We were still tilting when the load speaker came on, “Damage crew to the starboard wing. Hydrogen crews prepare to mount new bags. Move!”

I saw crewmen scrambling down the wing, holding onto a catwalk that was suddenly vertical. In fact, I was standing on the side of the rail and lying back on the catwalk floor. Above me, the other gun tender was hanging over the edge of hot air bay, dangling from his safety belt.

We were still sliding toward the ground. The gas jets fired several times, but we were so keeled over the hot air was escaping out the sides of the bay and not doing much good.

It did slow our fall a little, and the gas boys must have done something. Either they pumped enough gas into our good bags to lift that side a little or they got new bags fitted and filled or something because we came back to almost level.

Boleslaw was left hanging onto the wall of the air chamber – from the outside, feet dangling over death below. I will have to make penance some day for the delay. Fear glued my feet to the catwalk for far too long. It took every bit of courage I had to clamber around that tilted chasm and pull Boleslaw over the edge.

We sat down on the catwalk for several minutes, holding onto our safety lines and waiting for another disaster. The ship continued to rise slowly and finally settled down about ten degrees starboard.

Finally, the speaker barked, “All hands stand down from general quarters except for damage crews.”

We stayed over the battlefield for the rest of the day. I suppose the captain was doing his best to be an observation platform for the men below, but the reality was that we weren’t able to go very far anyway.
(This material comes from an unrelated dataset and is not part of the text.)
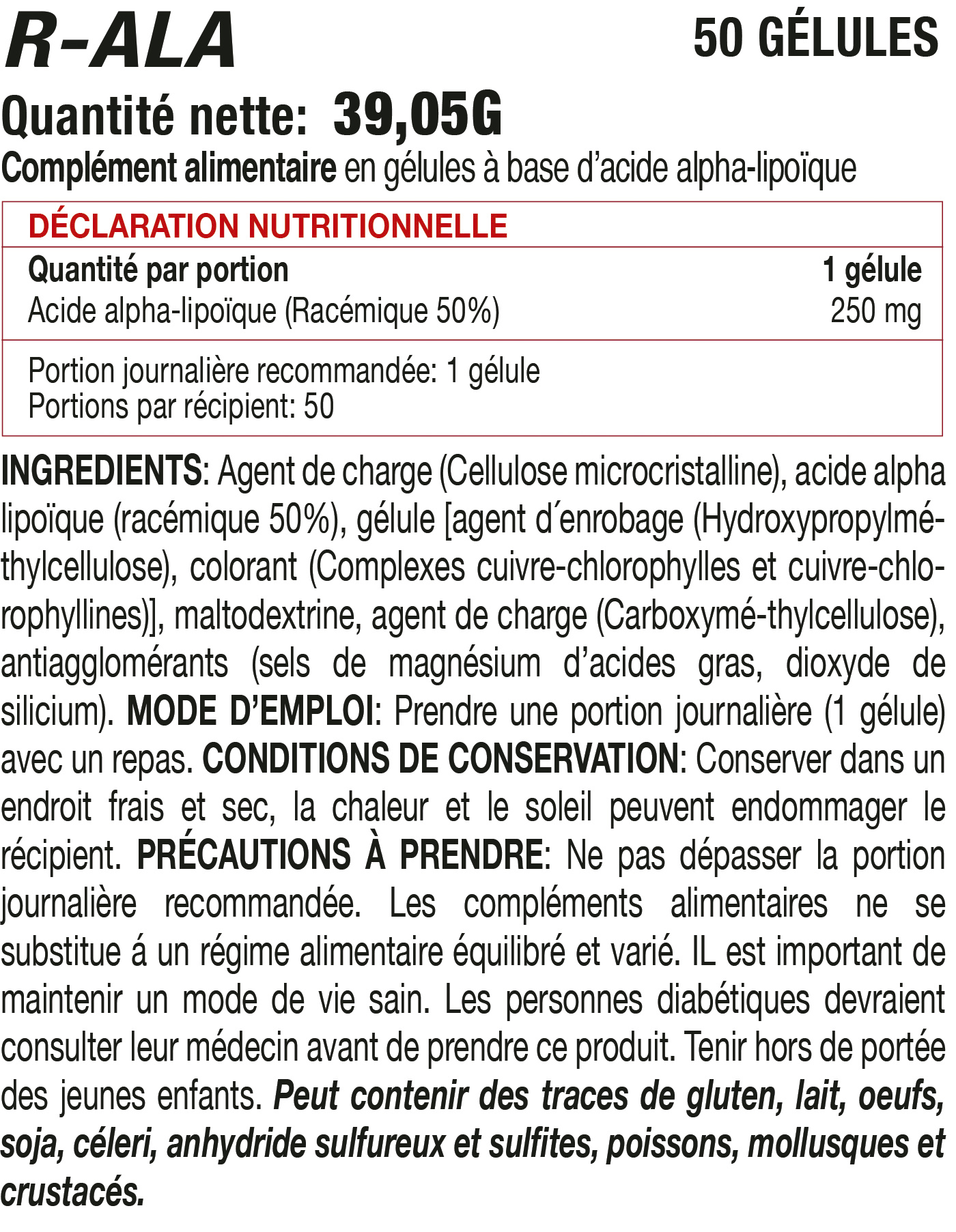R-ALA de HERO TECH NUTRITION est un complément alimentaire à base d'acide alpha-lipoïque apporte 250 mg par dose quotidienne. L'acide lipoïque est un composé naturel présent dans l'organisme et dans certains aliments. R-ALA est une formule à 50 % d'acide alpha-lipoïque (R) racémique. Chimiquement, l'acide alpha-lipoïque est un acide gras non essentiel dont la structure est bien définie et contient deux atomes de soufre et un centre chiral, donnant naissance aux formes énantiomériques R et S.

I want back to preparing tea and sandwiches for the bridge crew and rehearsing the heroic lies I would someday tell my grandkids.

The next day, we were all pressed into service repairing the damaged canvas and shoring up the wing. Much of the work on the envelope had to be done from the outside, standing on the top of a wing that was five thousand feet above the ground. The new canvas had to be glued and sown at the leading edge and then unrolled back over the spars and glued as it went down. The job needed men all around the edges. The curved shape of the wing made footing uncertain, so I was constantly looking for a place to clip my safety belt or a way to work on the canvas with my feet stuck inside the envelope. Like all sailors, I got not one bit of fear of heights, but I was relieved to get back inside when that job was done.

We were level by then, but our airfoil shape was wrecked and the captain was afraid the repaired wing wouldn’t handle the stress of high speed flight.

Fortunately, we did have engines. There were the two rather weak diesel engines near the end each wing. They were only backup engines and normally only used for fine direction control, but if the winds were on our side, they would take us back to Poland.

It took a week, but the captain nursed us back to dock. After the repairs, we were mostly used for diplomatic missions to China and the new world. White Dragon became vital tool to impress people who didn’t have to ride her. We only fought one more small battle during my service.

And that, my children is the story of your father’s illustrious battle career.